Simon's Warning
Chapter 9 · ~3.9k words

I called Simon from the landline in the small antechamber off the main hall, my back pressed against the closed door. My cell phone felt compromised, a digital leash I couldn't trust. The dial tone was a comforting, old-fashioned hum.
"Blackwood Law," the receptionist chirped. "How may I direct your call?"
"Simon Blackwood, please. It's Helen Vance."
There was a pause, then a series of clicks.
"Helen?" Simon’s voice was warm, professional, the voice of a man who solved problems for a living. "To what do I owe the pleasure? Everything alright with the audit prep?"
"I can't find the 1995 records," I said, cutting straight to the chase. "The entire fiscal year is missing from the main filing cabinet."
Silence. A long, heavy silence that felt less like a pause and more like a calculation.
"Missing?" he repeated, his tone shifting subtly. "Are you sure? Richard mentioned he was reorganizing the archives."
"I checked the basement. I checked the attic. The box is gone, Simon. And it's the year the trust was restructured. If the auditor asks for the basis of the current assets, I have nothing to show him."
"I see." I could hear the rustle of papers on his end. Or maybe he was just stalling. "Well, that is... unfortunate. But not insurmountable. We have digital backups of the summaries."
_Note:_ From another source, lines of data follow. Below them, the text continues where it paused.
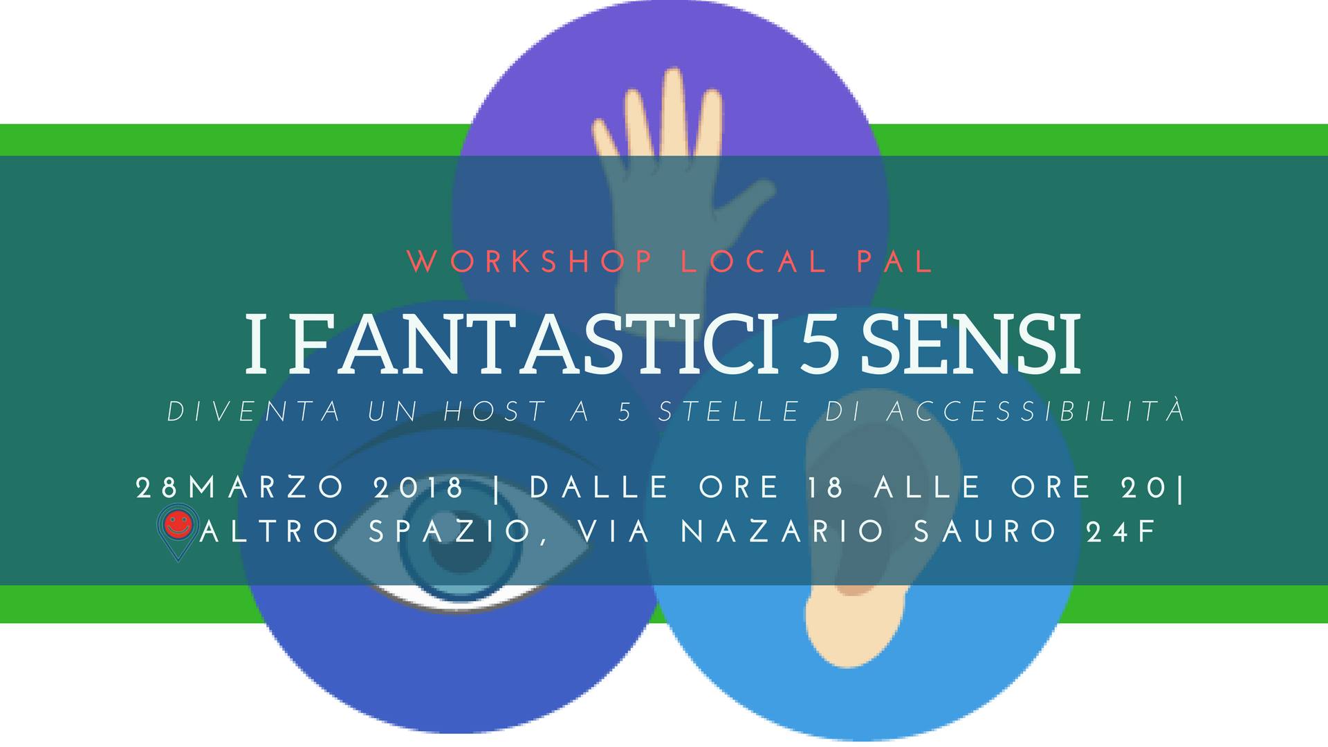 Durante l’appuntamento all’Altro Spazio, degustando un buon aperitivo, si raccoglieranno le adesioni per i workshop co-organizzati da diversi collaboratori: persone sorde, persone con disabilità motoria, ciechi e ipovedenti.
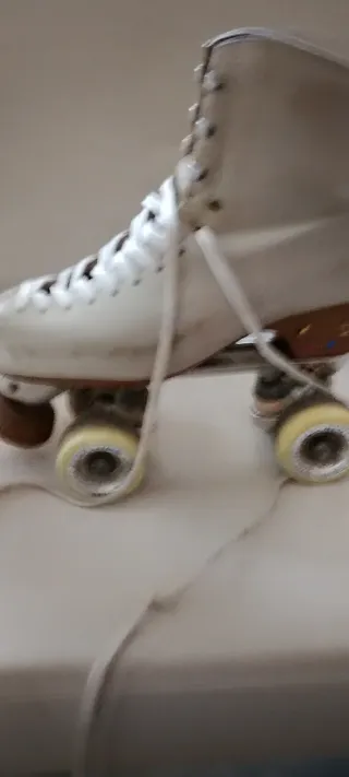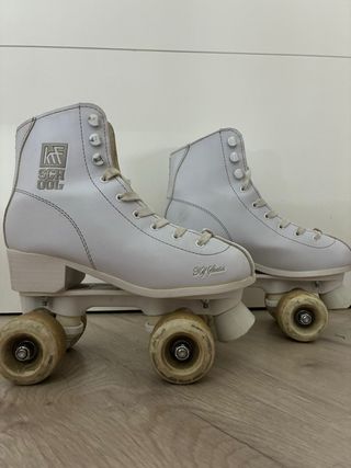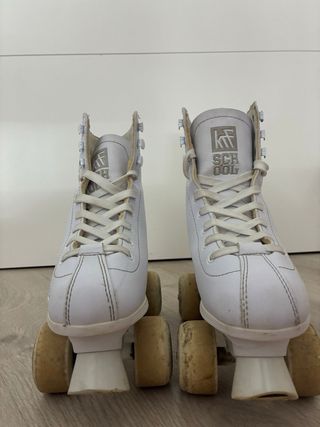 Par de patines blancos, listos para usarse. - Diseño clásico con cordones. - Ruedas para patinaje. - Talla 37
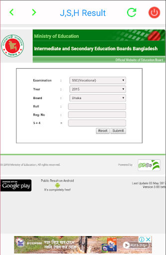 this app is made for learning all result of Bangladesh like PSC, JSC, SSC, HSC, DIPLOMA, HONOURS, MASTERS, DEGREE, MBBS, BDS, BCPS, NTRCA.
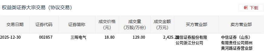 12月30日,三暉電氣大宗交易成交129萬股,成交額2425.2萬元,占當(dāng)日總成交額的38.77%,成交價(jià)18.8元,較市場收盤價(jià)20.53元折價(jià)8.43%。
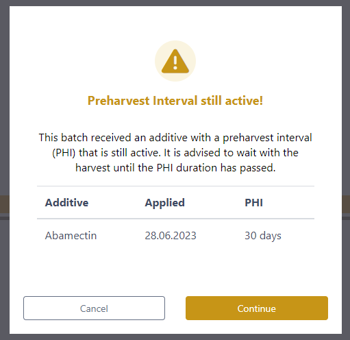 Warning if trying to harvest a plant batch that received an additive with a PHI
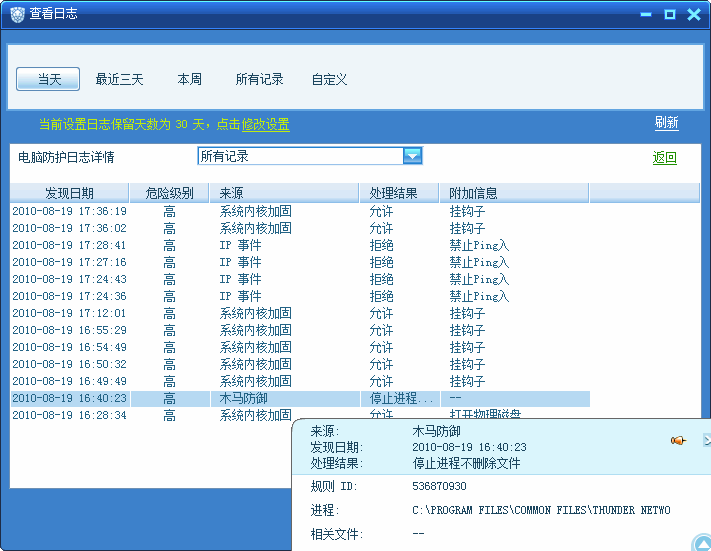 今天使用网页右键菜单调用迅雷下载时,瑞星木马防御弹出如下提示:

"Summaries aren't source documents," I said, my voice rising. "I need the original invoices. The bank statements. The medical bills."
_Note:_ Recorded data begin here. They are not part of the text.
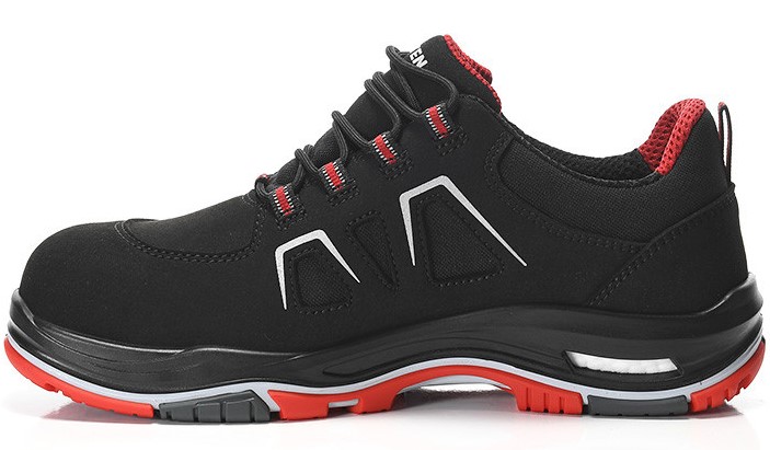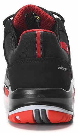 Der ALAN XXTP black-red Low ESD S3S ist ein Sicherheitsschuh genau nach Ihren Wünschen. Der S3S Halbschuh aus der WELLMAXX Produktgruppe ist ein ESD-fähiger Sicherheitsschuh, der ein jederzeit angenehmes Arbeiten möglich macht. Er ist gedeckt mit einem Obermaterial aus hydrophobiertem Textil und hydrophobierten Mikrofasern. Das Textilfutter ist atmungsaktiv und sehr hautfreundlich. Der Schutz wird durch die Zehenschutzkappe aus Kunststoff gewährleistet und macht den Sicherheitsschuh zu einem leichten Begleiter im Arbeitsalltag. Die TPU/PU Laufsohle WELLMAXX TRAINERS POWER ist eine Zweischichten-Profilsohle und schützt den Fuß durch den zusätzlichen textilen Durchtrittschutz und überzeugt darüber hinaus mit einem weichen Kern aus Infinergy®-Material von BASF. Den kann man sogar sehen, durch Sichtfenster an der Seite der Zwischensohle und auf der Unterseite der Laufsohle. Aber den sieht man nicht nur, man spürt ihn vor allem, denn der Kern sorgt beim Laufen für einzigartige Dämpfung und besonderen Tragekomfort. Dadurch wird jeder Schritt um ein Vielfaches dynamischer und das Material gibt dem Bewegungsapparat sogar Energie zurück – ein ziemlich wohltuender Nebeneffekt, der langes Gehen gleich viel erträglicher macht.
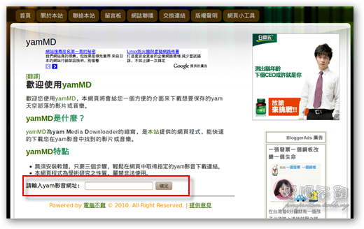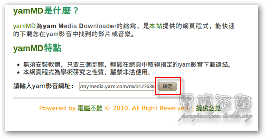 - 無須安裝軟體,只要三個步驟,輕鬆在網頁中取得指定的yam影音下載連結:比起一堆多功能,需要設定路徑的軟體還要更省時間。
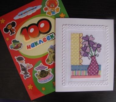 Златушка сейчас болеет, наклейки ее очень порадовали! А я в полном восторге от открытки - она вышита крестиком! В скором времени эта красота будет помещена в рамочку! Спасибо, Женя, очень приятно!!!
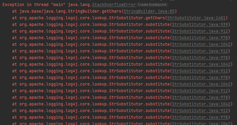 This did not crash the entire application as previously stated about CVE-2021-45046, before escalating its severity to Critical. It merely throws a java.lang.IllegalStateException, thanks to StrSubstitutor’s checkCyclicSubstitution method.
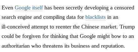 This piece by @JoshRogin makes a good point about Google's China censorship plan & its potential influence on Trump's threat to 'regulate' how the search engine displays content in the US: washingtonpost.com/news/josh-rogi…
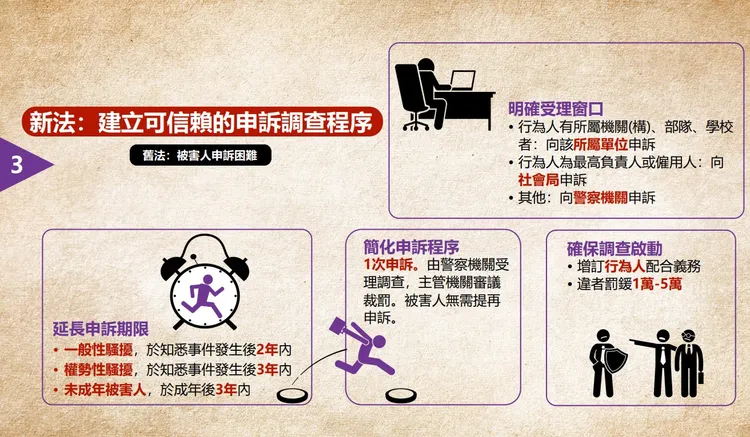 規範權勢性騷擾,於知悉事件發生3年內,可提起申訴;未成年被害人則可於成年後3年內提出申訴;至於一般性騷擾亦延長至2年內可提出申訴。且在整個調查過程中,行為人有配合調查之義務,違者處新臺幣1萬元至5萬元罰鍰。
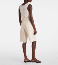 Look to Rohe for trend-defying pieces, designed in the heart of Amsterdam. These shorts are crafted from denim with unfinished hems that fall below the knees. Product Details - Material: 100% cotton - Care instructions: machine wash at 30 degrees - Made in Tunisia - Designer color name: Ecru - Item color: beige - Closure: zip and button fastening - Pockets: five pockets - Belt loops - Item number: P01062409 Size & Fit - True to size - Non-stretchy fabric - Wide-leg - The model seen in the picture is 178cm-5'10" and wearing a size FR 34

"Medical bills?" His voice sharpened. "What medical bills?"
"Arthur's," I lied, my eyes squeezing shut. "From after Julian's accident. There were... expenses. The funeral costs. The settlement with the county for the bridge repair."
"Helen," he said, his voice dropping to that confidential, patronizing register men use when they want women to stop asking questions. "You're under a lot of stress. Richard told me you've been... anxious. About the audit."
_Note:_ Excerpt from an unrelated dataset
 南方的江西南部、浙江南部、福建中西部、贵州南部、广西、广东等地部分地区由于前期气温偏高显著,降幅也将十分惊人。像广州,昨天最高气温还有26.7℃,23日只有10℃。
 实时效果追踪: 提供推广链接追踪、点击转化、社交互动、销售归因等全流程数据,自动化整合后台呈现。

"I am anxious because the records are missing."
"They aren't missing. They're just... archived securely. For liability reasons." He paused. "And frankly, your role as Guardian is to ensure Arthur's daily comfort, not to forensic audit thirty-year-old transactions. Leave the legalities to me."
"It's my signature on the tax returns, Simon. It's my name on the line."
"And it's your husband's name on the deed," he countered, the warmth gone now. "And your children's inheritance in the trust. Don't pull threads you can't re-weave, Helen."
The threat was veiled, but it was there. Like a shark fin breaking the surface of calm water.
"Is that legal advice?" I asked.
"It's family advice," he said. "Go have a glass of wine. Wait for Richard to come home. And stop looking for problems that don't exist."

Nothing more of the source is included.